IEEE Access (Jan 2024)
High-Throughput Accelerator for Exact-MMSE Soft-Output Detection in Open RAN Systems
Abstract
Open Radio Access Networks (Open RANs), realized fully in software, require excessive computing resources to support time-sensitive signal-processing algorithms in the physical layer. Among them, multiple-input-multiple-output (MIMO) processing is a key functionality used to drive higher connectivity in the uplink, but it is computationally intensive, triggering the need for hardware acceleration to overcome the processing inefficiency of software-based solutions. Additionally, energy efficiency is becoming a key focus in Open RAN to enable sustainable deployments that utilize available resources efficiently. Because channel-inversion complexity increases polynomially with the number of users in linear detectors, such as zero-forcing (ZF) and minimum-mean-square-error (MMSE), acceleration based on channel-inverse approximations has gained significant attention. However, they unnecessarily multiply the number of base station (BS) antennas to ensure accurate detection, leading to a drastic increase in power consumption owing to the additional radio frequency (RF) chains employed.
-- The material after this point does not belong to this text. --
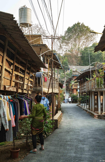 在得到大量土地出让费用和林木赔偿金后,重建的傣楼竟还能基本一致保持傣族传统风格,这得益于它隔壁邻居——一家全国著名旅游地产大咖对其布局规划和整体调性的说服教育。尤其村子里年代久远的老式吊脚楼,不是孤零零一栋两栋,而是成片作为古寨的“证据”而存在。最难得的是,这些老吊脚楼依然有原住民在此间栖息,地气接驳,毫无痕迹!正是这村子保留下来的稀罕“古”韵,惹得全国想拍写真的小姐姐们趋之若鹜。

In contrast, linear detectors achieve a sufficiently good performance with only twice the number of BS antennas as users. This work introduces an exact-MMSE and soft-output hardware accelerator that includes an inversion-free, highly-parallel QR decomposition (QRD) architecture and a low-complexity detector stage with per-cycle soft-output generation, significantly improving the processing latency and throughput. The proposed architecture is fully scalable to support diverse MIMO configurations. Implementation evaluations on a Xilinx Virtex Ultrascale+ field-programmable gate array (FPGA) demonstrate that the proposed exact solution can achieve more than $2\times $ improvement in hardware throughput over existing approximate designs. Moreover, the peak throughput can be increased around 10-fold in slowly fading channels.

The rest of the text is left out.